Sunday, April 11, 2010

Public Phase of Oconee County 2011 Budget Process Begins

Parks and Rec in Lead Position

The budgeting process for the county for Fiscal Year 2011 moves into its public phase on Monday with the first of three scheduled meetings of department heads, elected officials and judicial officers with the members of the Oconee County Board of Commissioners.

The Monday meeting begins at 5:30 p.m. in the commission chamber at the courthouse with representatives of the Parks and Recreation Department, who will have 45 minutes to explain their budget request for the year beginning on July 1.

Also on Monday, the commissioners will hear from the Fire Department, the coroner and Animal Control. The meeting is scheduled to end about 8:30 p.m.

On Tuesday, the session starts at 9 a.m. with the Human Resources Department of the county and continues until the final session at 4:30 p.m. During the day the Board will hear from representatives of the Magistrate Court, Superior Court and Juvenile Court, the district attorney, planning, code enforcement, the library and others.

The final session starts at 5:30 p.m. on Wednesday with the Utility Department, followed by the Public Works Department and the sheriff’s office. It ends with the Finance Department presentation starting at 7:45 p.m.

The budgeting process began on Jan. 26 when Finance Director Jeff Benko provided the Fiscal Year 2011 budget submittal plan to the BOC and is scheduled to end on June 1 with adoption of the budget by the Board at its regular meeting.

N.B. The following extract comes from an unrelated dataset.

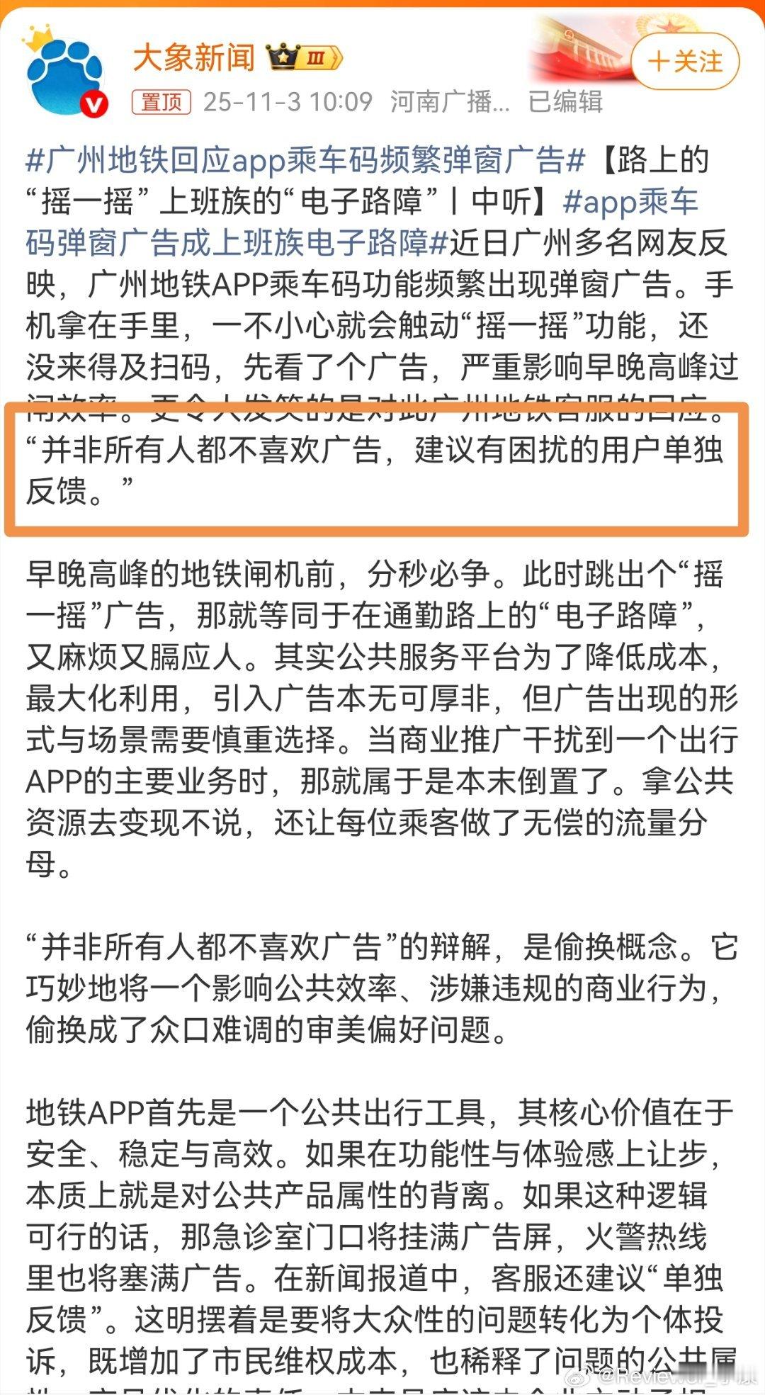 作为一个大都市,官方乘车码弹窗广告如此张扬,实在差评。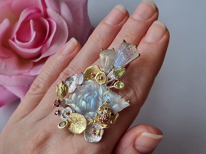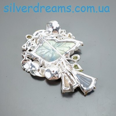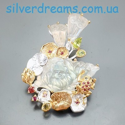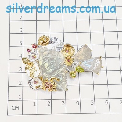 Уникальная брошь/кулон ручной работы из серебра 925 пробы в двухцветной позолоте (белое + лимонное золото), инкрустирована крупным натуральным резным лабрадоритом, природными турмалинами, хризолитами и родолитами.

The Board will hold the first public hearing on the budget before its agenda-setting meeting on May 25 and the second public hearing before adoption of the budget on June 1. The first public hearing is scheduled to start at 6:30 p.m., while the second will be part of the regular meeting, which starts at 7 p.m.

Wayne Provost, director of Strategic and Long-Range Planning for the county, gave an indication of how difficult the budgeting process is likely to be at a meeting with citizens on March 25 to discuss citizen efforts to protect Elder Mill and the area around Elder Mill Bridge.

He said that “we think” that property values in the county have gone down 3 to 5 percent, personal property values are down 13 to 14 percent, and the 1-cent-on-a-dollar sales tax is producing 7 to 10 percent less than a year earlier.

These are the sources of revenue for the county’s general fund, which covers 57 percent of its spending.

Provost said the projection is that the county will need to cut $1 to $1.5 million from the county’s roughly $35 million budget for next fiscal year. The county also can draw down its surplus, which has been running at about $10 million, and increase taxes, but the BOC has been reluctant to do either.

The biggest categories of spending from the General Fund are for public safety and judicial operations, making up 41 percent of the total. Public Works accounted for 12 percent of last year’s General Fund budget and Parks and Recreation received 11 percent.

The Utility Department has its budget outside the General Fund since much of its operation is funded by its own revenue. The budget for the Utility Department in 2010 was 18 percent of all expenditures, compared with the 57 percent figure for the General Fund.

County officials frequently point out that only 27 percent of property taxes citizens in the county pay are under the control of the Board of Commissioners, and that 72 percent goes to the Board of Education and 1 percent goes to the state.

The Board of Education also is in the budget process and is struggling with decreased state revenue as well as the drop in the local tax base and in sales tax revenue.

The range of services covered by the BOC-controlled budget is quite broad--from roads to sewers and water to tax collection itself. The BOE budget focuses exclusively on education.